During the knowledge distillation training process, our segmentation model initially trains a TFSS_T network with numerous parameters. Subsequently, the network is employed to obtain the soft labels for the training set. These soft labels, along with the actual hard labels, serve as fitting objects for distillation training, with the parameter \(\mathrm{\alpha }\) adjusting the weight of the loss function. Upon completion of training, the TFSS_S network is used for further prediction.

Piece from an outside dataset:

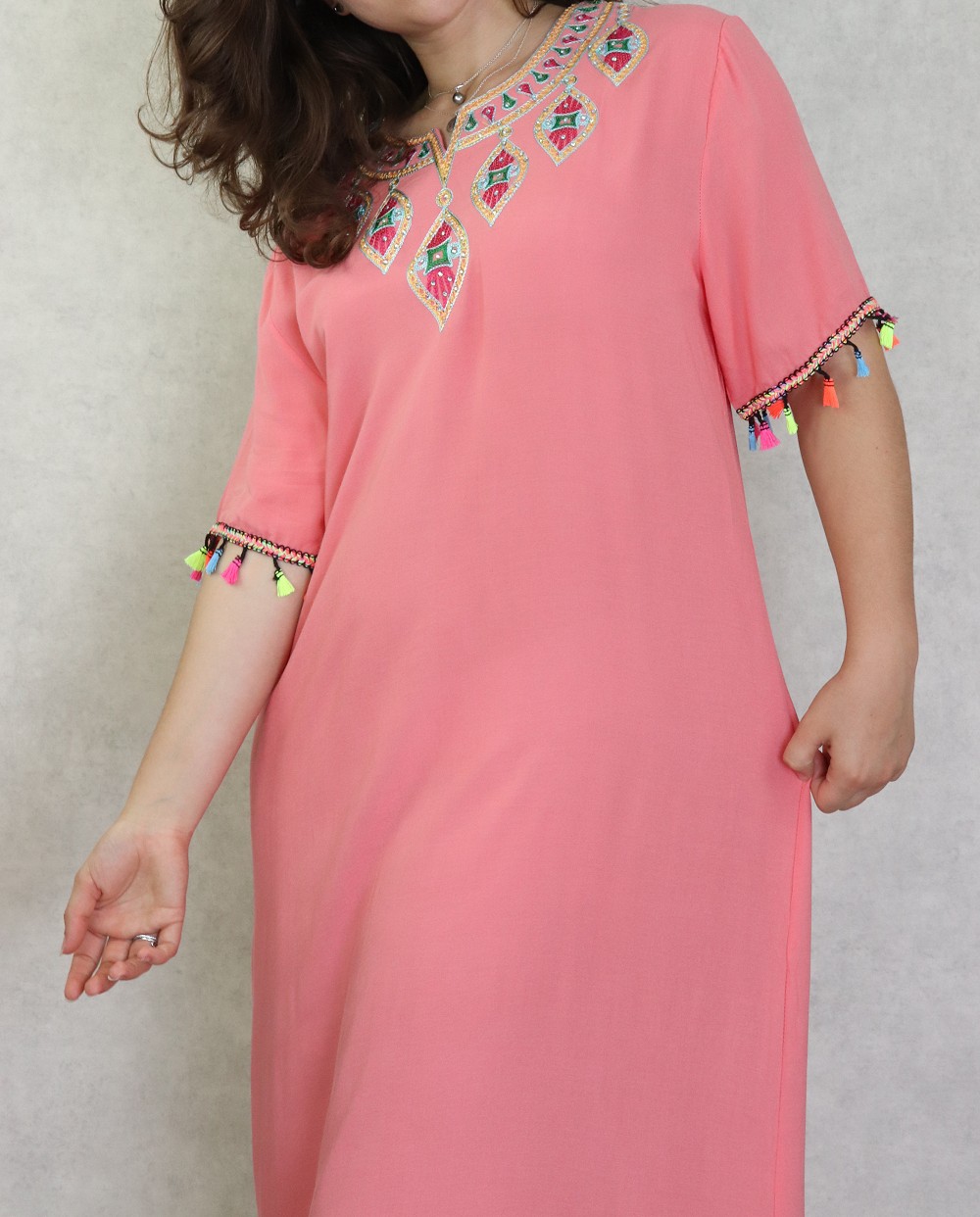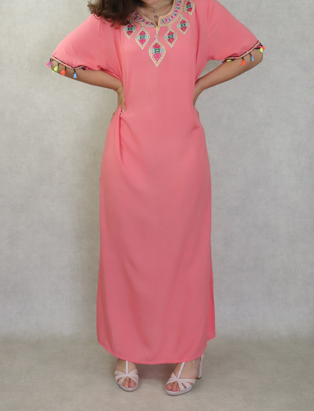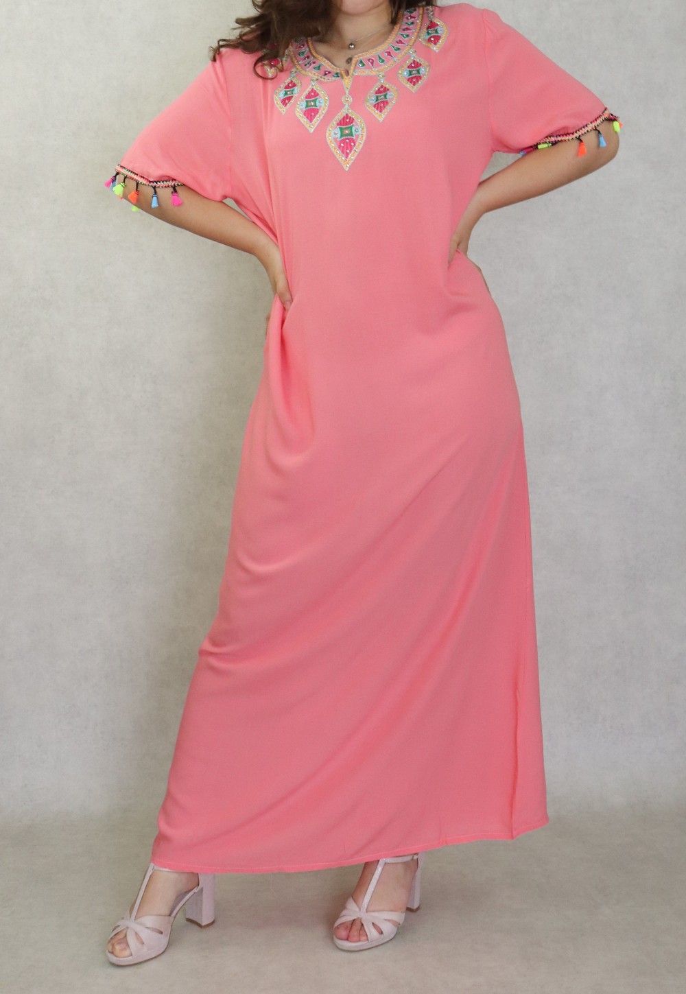 Robe orientale brodée manches longues pour femme - Couleur Corail - REF. 36146 (29.90 €)

The training loss function is:

$${L}_{KD}=\mathrm{\alpha }{\Gamma }^{2}{D}_{KL}({Q}_{S}^{\tau },{Q}_{T}^{\tau })+(1-\mathrm{\alpha })FL\left({p}_{t}\right)({Q}_{S}^{\tau },{y}_{true})$$
(15)

Here, \(\mathrm{\alpha }\) represents the weight parameter between the two partial losses. \({D}_{KL}\) denotes the KL divergence loss function, and \(FL\left({p}_{t}\right)\) represents the focal loss. The softening results after the output of the student network and teacher network are denoted by \({Q}_{S}^{\tau }\) and \({Q}_{T}^{\tau }\), respectively. \({y}_{true}\) indicates the actual label.

Sample imbalance is a significant issue in medical images, particularly in pathological images. Addressing the weighting among case samples has become a crucial factor for enhancing model performance. While cross-entropy loss can handle the imbalance between positive and negative samples in the medical environment, it fails to address the challenge of difficult-to-separate samples. Hence, we introduced Focal Loss.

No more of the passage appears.